[Opening Data in this exercise section]

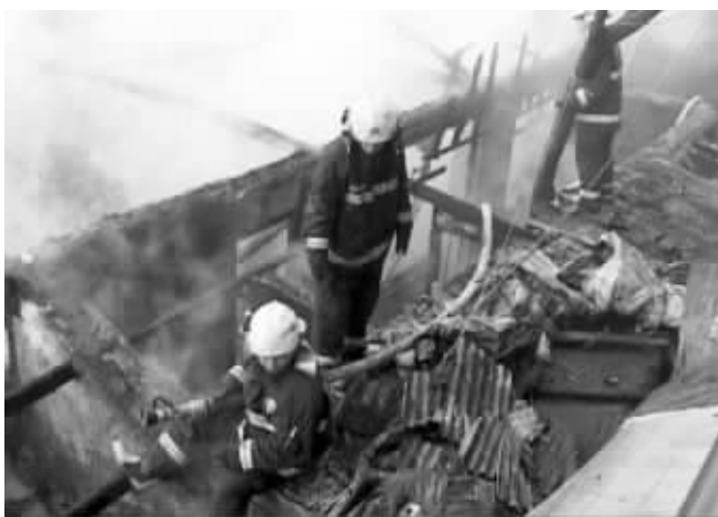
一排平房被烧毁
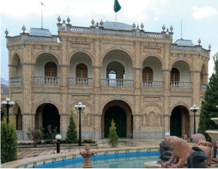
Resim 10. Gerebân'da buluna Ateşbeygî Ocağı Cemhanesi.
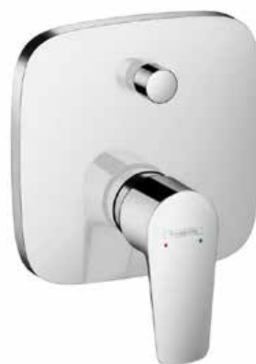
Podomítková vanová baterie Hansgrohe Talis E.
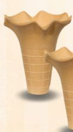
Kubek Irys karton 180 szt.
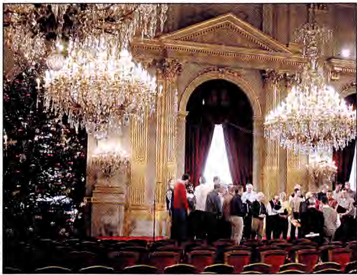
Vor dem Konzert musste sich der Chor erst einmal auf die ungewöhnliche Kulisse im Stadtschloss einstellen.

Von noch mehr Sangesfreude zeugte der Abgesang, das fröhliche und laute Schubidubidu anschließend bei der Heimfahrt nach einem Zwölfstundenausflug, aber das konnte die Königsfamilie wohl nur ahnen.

[Closing Data in this exercise section]
[Opening Data in this exercise section]

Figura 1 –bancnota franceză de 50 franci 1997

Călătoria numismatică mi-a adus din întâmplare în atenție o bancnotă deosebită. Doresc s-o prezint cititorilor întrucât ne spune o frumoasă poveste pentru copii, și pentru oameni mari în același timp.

[Closing Data in this exercise section]
[Opening Data in this exercise section]

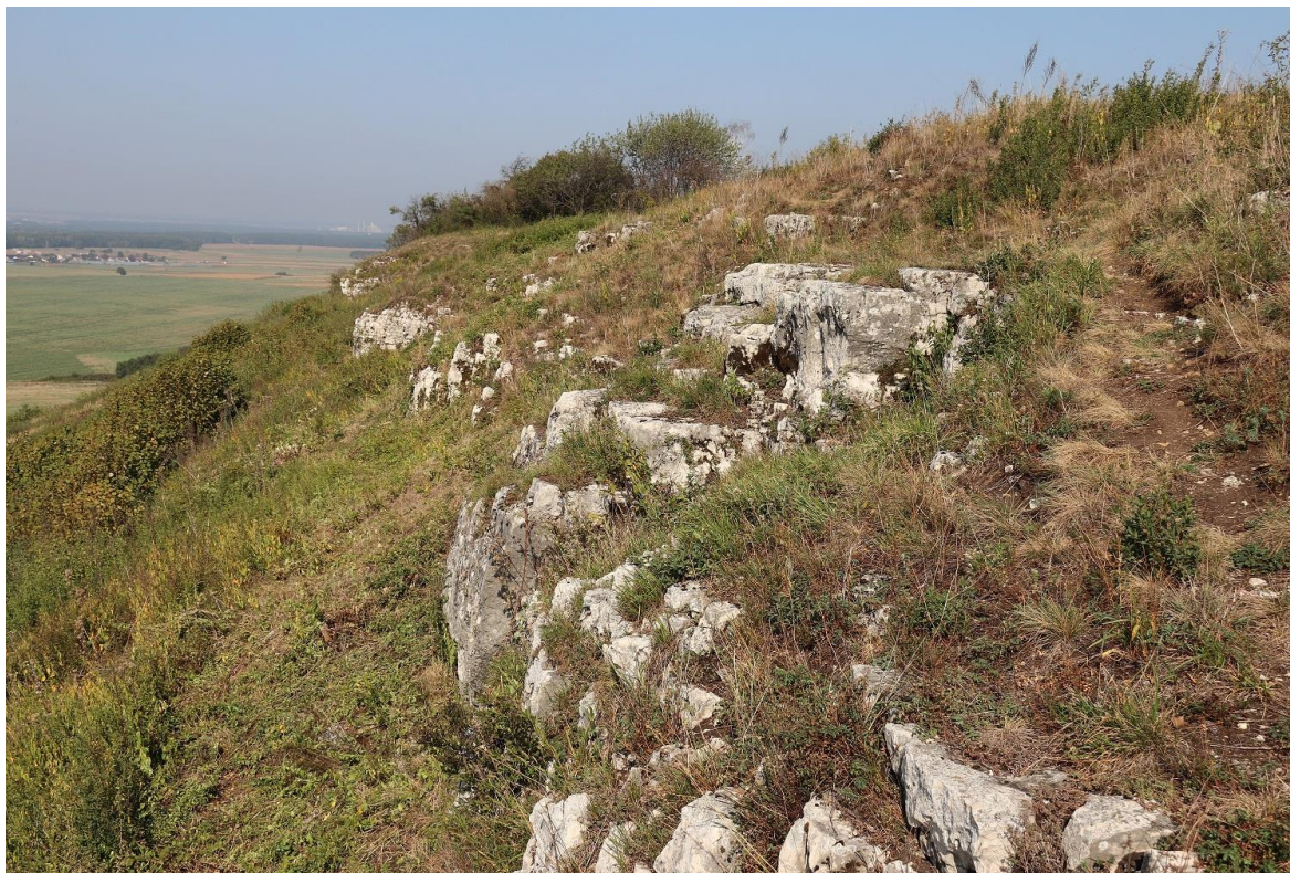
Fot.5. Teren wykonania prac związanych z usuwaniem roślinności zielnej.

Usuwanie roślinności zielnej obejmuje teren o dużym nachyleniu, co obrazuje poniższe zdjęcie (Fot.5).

[Closing Data in this exercise section]

About this exercise: In the records above, the line with "Vor dem Konzert" marks the start and the line with "Von noch mehr" marks the end; copy that stretch exactly, both lines included, and nothing else.

Solution to this task:
Vor dem Konzert musste sich der Chor erst einmal auf die ungewöhnliche Kulisse im Stadtschloss einstellen.

Von noch mehr Sangesfreude zeugte der Abgesang, das fröhliche und laute Schubidubidu anschließend bei der Heimfahrt nach einem Zwölfstundenausflug, aber das konnte die Königsfamilie wohl nur ahnen.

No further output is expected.